● What the exercise asks
The task requires repeating, word for word, the lines from the one with "2、输入自己想要下载的歌曲关键词。" through the end of the material, leaving out all pictures.

---------- Information supplied

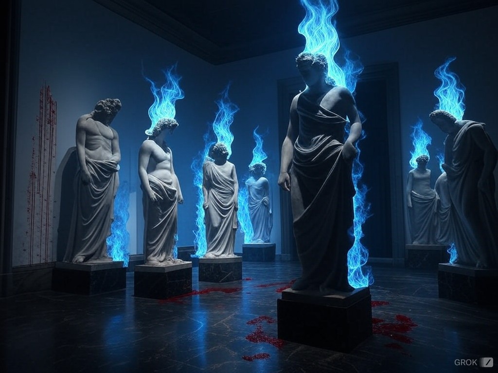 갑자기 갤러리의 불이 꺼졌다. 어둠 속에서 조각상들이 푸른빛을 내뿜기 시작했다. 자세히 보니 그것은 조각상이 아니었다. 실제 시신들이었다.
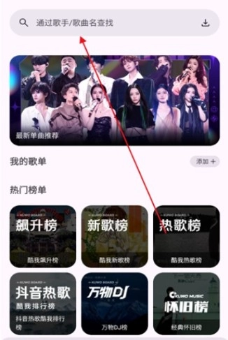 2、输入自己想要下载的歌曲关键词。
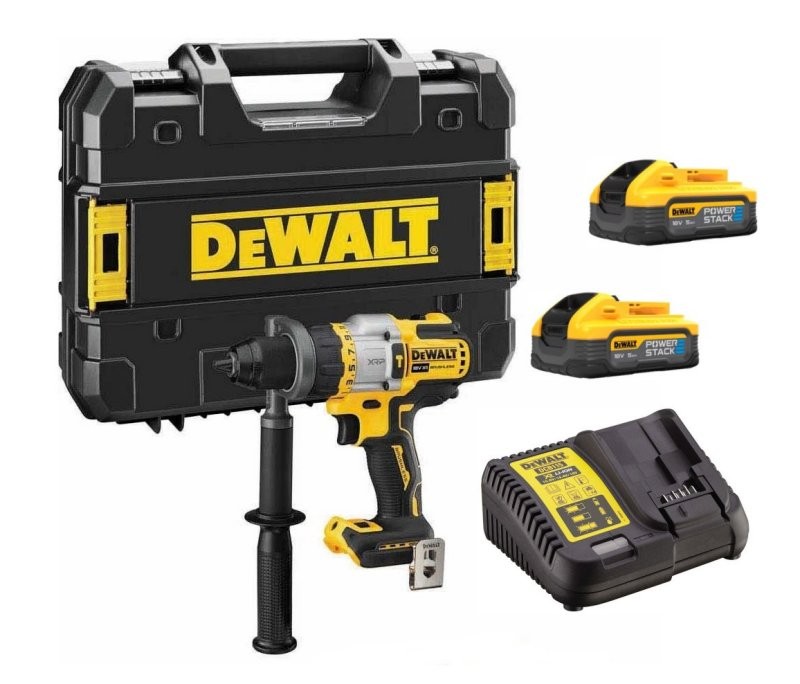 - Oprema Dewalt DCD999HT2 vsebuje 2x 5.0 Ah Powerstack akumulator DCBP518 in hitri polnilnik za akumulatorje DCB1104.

--------------------

● Solution
 2、输入自己想要下载的歌曲关键词。
 - Oprema Dewalt DCD999HT2 vsebuje 2x 5.0 Ah Powerstack akumulator DCBP518 in hitri polnilnik za akumulatorje DCB1104.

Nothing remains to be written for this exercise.